Orbital Distance (a=AUs) | Orbital Period (P=years) | Orbital Eccentricity (e) | Orbital Inclination (i=degrees) | Mass (Solar) | Diameter (Solar) | Density (Earths) | Surface Gravity (Earths) | Metallicity (Solar) | |
AB Mass Center | 0.0 | ... | ... | ... | ... | ... | ... | ... | ... |
---|---|---|---|---|---|---|---|---|---|
Struve 2398 A | 23.8 | 408 | 0.53 | 66.0 | 0.34-0.35 | 0.34 | ... | ... | 0.45-0.49 |
Inner H.Z. Edge A | 0.123 | 0.073 | 0 | 66.0 | ... | ... | ... | ... | ... |
Outer H.Z. Edge A | 0.240 | 0.199 | 0 | 66.0 | ... | ... | ... | ... | ... |
Struve 2398 B | 32.0 | 408 | 0.53 | 66.0 | 0.26-0.27 | 0.27 | ... | ... | 0.42-0.45 |
Inner H.Z. Edge B | 0.091 | 0.054 | 0 | 66.0 | ... | ... | ... | ... | ... |
Outer H.Z. Edge B | 0.146 | 0.054 | 0 | 66.0 | ... | ... | ... | ... | ... |
NOTE: This animation attempts to relate the possible orbits of Struve 2398 AB (and their tiny habitable zones) to their common center of mass. To enlarge the display, the orbits have been arbitrarily rotated by 45 degrees. Although the initial display shows the system's actual orbital tilt (at an inclination of 66.0°) from the visual perspective of an observer on Earth, the orbital inclination of any planet that may be discovered someday around either star would likely be different from those of the habitable zone orbits depicted here.
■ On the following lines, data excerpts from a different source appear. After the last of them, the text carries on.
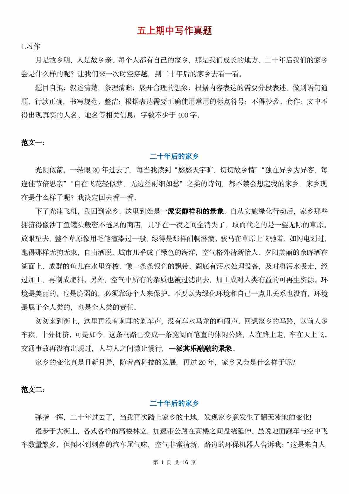 五(上)语文【期中写作复习】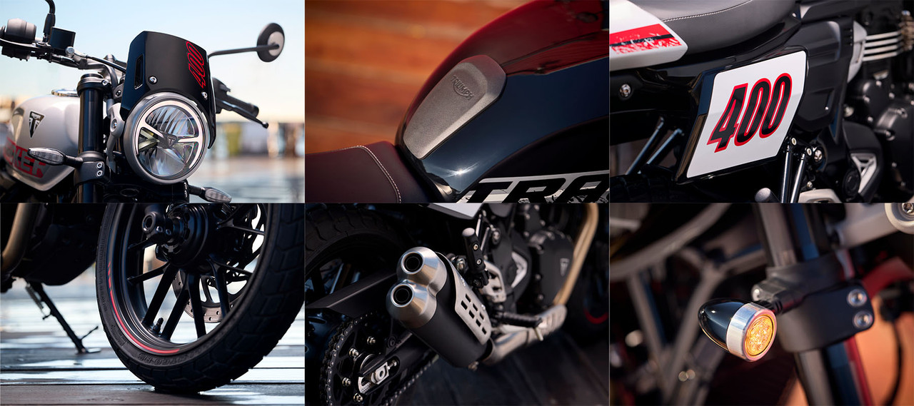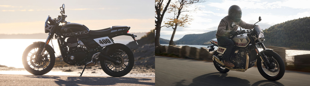 Em agosto deste ano, a Triumph lançou a Thruxton 400, revivendo a cafe racer como uma moto de entrada. Esta semana, a marca anunciou a Thruxton 400 e a nova Tracker 400 no Reino Unido. A Tracker é uma roadster inspirada nas corridas flat track.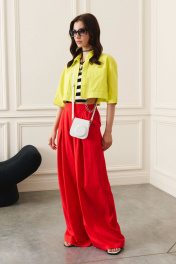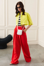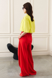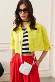 Жакет выполнен из хлопкового денима. Рукав рубашечного кроя. По передней планке застёжка на пуговицы, по бокам накладные функциональные карманы. По спинке по линии притачивания кокетки защипы. Жакет: Обхват груди: 112-114-118 см (размер 44-46-48) Обхват бёдер: 108-110-112 см (размер 44-46-48) Ширина рукава: 44-45-46 (размер 44-46-48) Длина рукава: 29-30-31 см (размер 44-46-48) Длина по спинке: 43 см
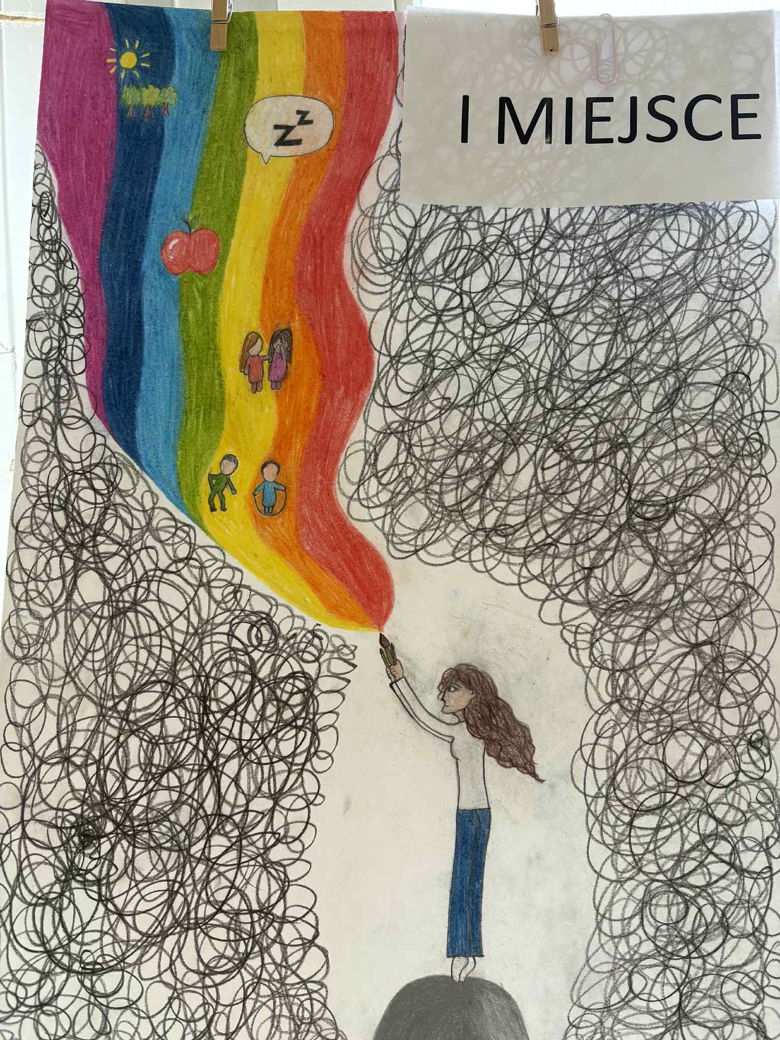 Z okazji obchodów Tygodnia Zdrowia Psychicznego w naszej szkole został zorganizowany konkurs plastyczny, którego celem było promowanie troski o zdrowie psychiczne, rozwijanie wrażliwości artystycznej oraz zachęcanie uczniów do refleksji nad znaczeniem emocji, relacji i dobrego samopoczucia.

Although the star and its stellar companion B are known to have an eccentric orbit, the specific orbital elements may still be uncertain. In 1958, Wilhelm F. Rabe (1893-1958) derived a period of 346 years with an average distance of 42 AUs (based on updated parallax) and an eccentricity of 0.55, so that the stars swing between 19.0 and 65.3 AUs apart. Using photographic plates from 1918 to 1987, however, (Wulff D. Heintz, 1987) subsequently calculated a period of 408 years with an eccentricity of 0.53, and an average distance of 56 AUs where the pair swings between 26 and 86 AUs apart.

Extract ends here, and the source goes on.